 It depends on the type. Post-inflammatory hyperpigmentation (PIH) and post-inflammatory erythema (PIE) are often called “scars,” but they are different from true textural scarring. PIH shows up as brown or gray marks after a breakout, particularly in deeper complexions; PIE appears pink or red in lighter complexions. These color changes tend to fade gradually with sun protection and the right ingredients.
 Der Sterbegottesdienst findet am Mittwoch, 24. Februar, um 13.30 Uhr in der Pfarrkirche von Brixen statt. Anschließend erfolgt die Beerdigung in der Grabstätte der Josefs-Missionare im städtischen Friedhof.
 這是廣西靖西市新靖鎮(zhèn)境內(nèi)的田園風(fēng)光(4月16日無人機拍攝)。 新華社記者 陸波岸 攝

==

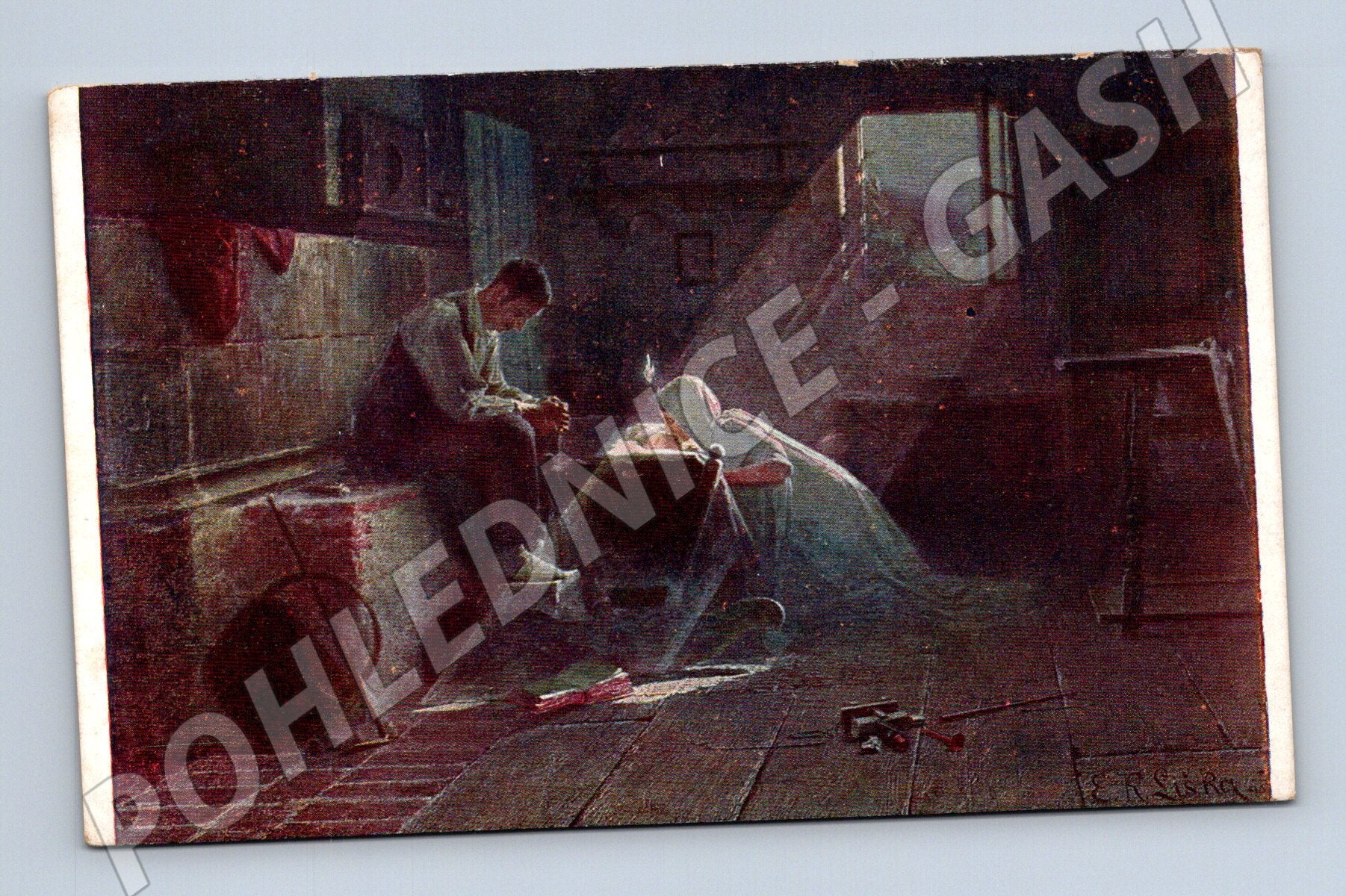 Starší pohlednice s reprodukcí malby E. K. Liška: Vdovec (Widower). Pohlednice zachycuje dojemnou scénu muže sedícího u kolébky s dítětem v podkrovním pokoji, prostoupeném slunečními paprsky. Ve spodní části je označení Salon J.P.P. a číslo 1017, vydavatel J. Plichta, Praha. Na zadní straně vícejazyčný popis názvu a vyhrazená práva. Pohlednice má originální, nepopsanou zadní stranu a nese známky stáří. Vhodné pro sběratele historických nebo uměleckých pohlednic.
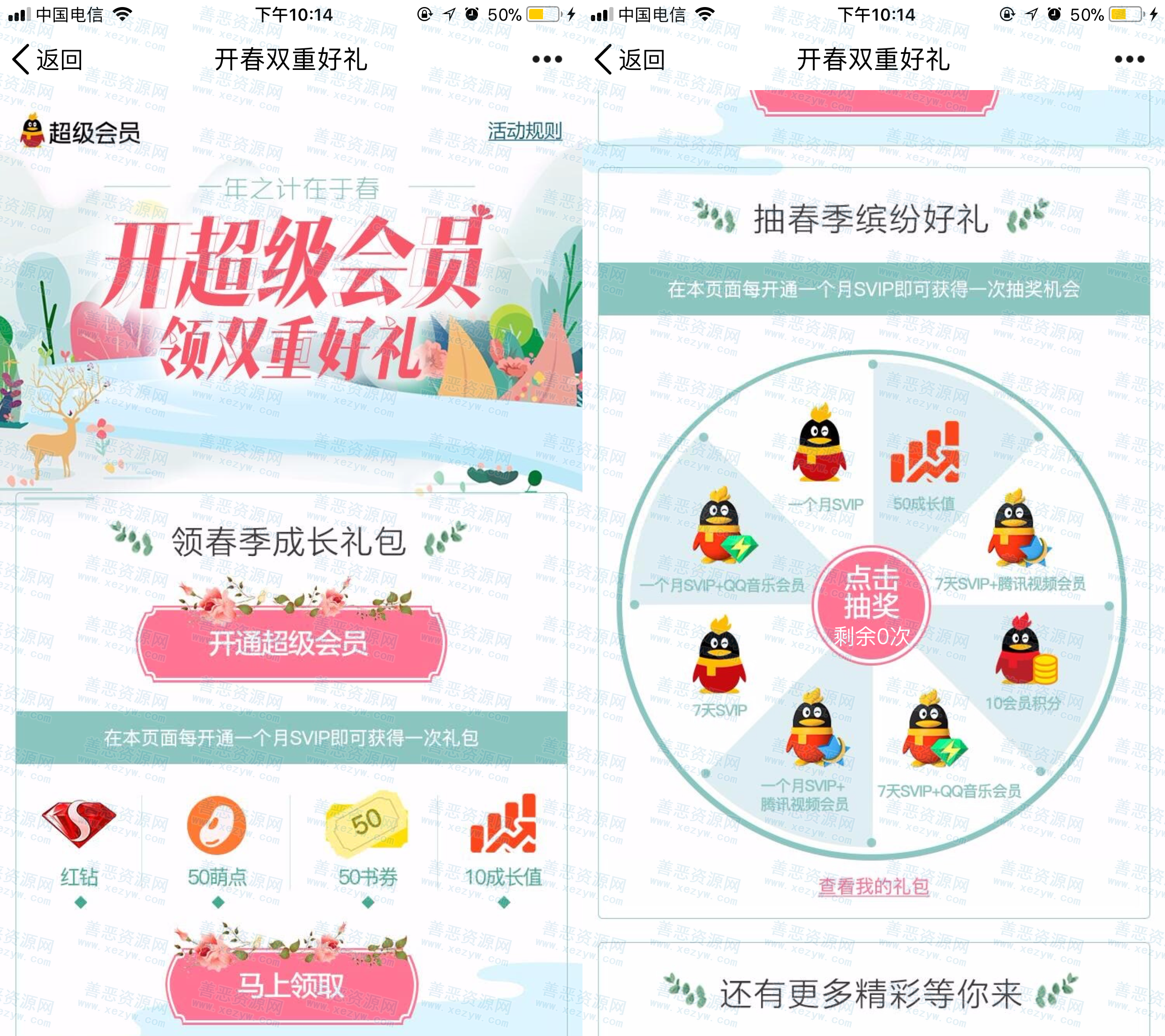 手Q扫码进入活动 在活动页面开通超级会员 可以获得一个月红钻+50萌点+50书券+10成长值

**Required work:** In the listing above, find the line containing "Starší pohlednice s" and the line containing "手Q扫码进入活动 在活动页面开通超级会员 可以获得一个月红钻+50萌点+50书券+10成长值", then return both of them and every line between, exactly, without pictures.

**The answer:**
 Starší pohlednice s reprodukcí malby E. K. Liška: Vdovec (Widower). Pohlednice zachycuje dojemnou scénu muže sedícího u kolébky s dítětem v podkrovním pokoji, prostoupeném slunečními paprsky. Ve spodní části je označení Salon J.P.P. a číslo 1017, vydavatel J. Plichta, Praha. Na zadní straně vícejazyčný popis názvu a vyhrazená práva. Pohlednice má originální, nepopsanou zadní stranu a nese známky stáří. Vhodné pro sběratele historických nebo uměleckých pohlednic.
 手Q扫码进入活动 在活动页面开通超级会员 可以获得一个月红钻+50萌点+50书券+10成长值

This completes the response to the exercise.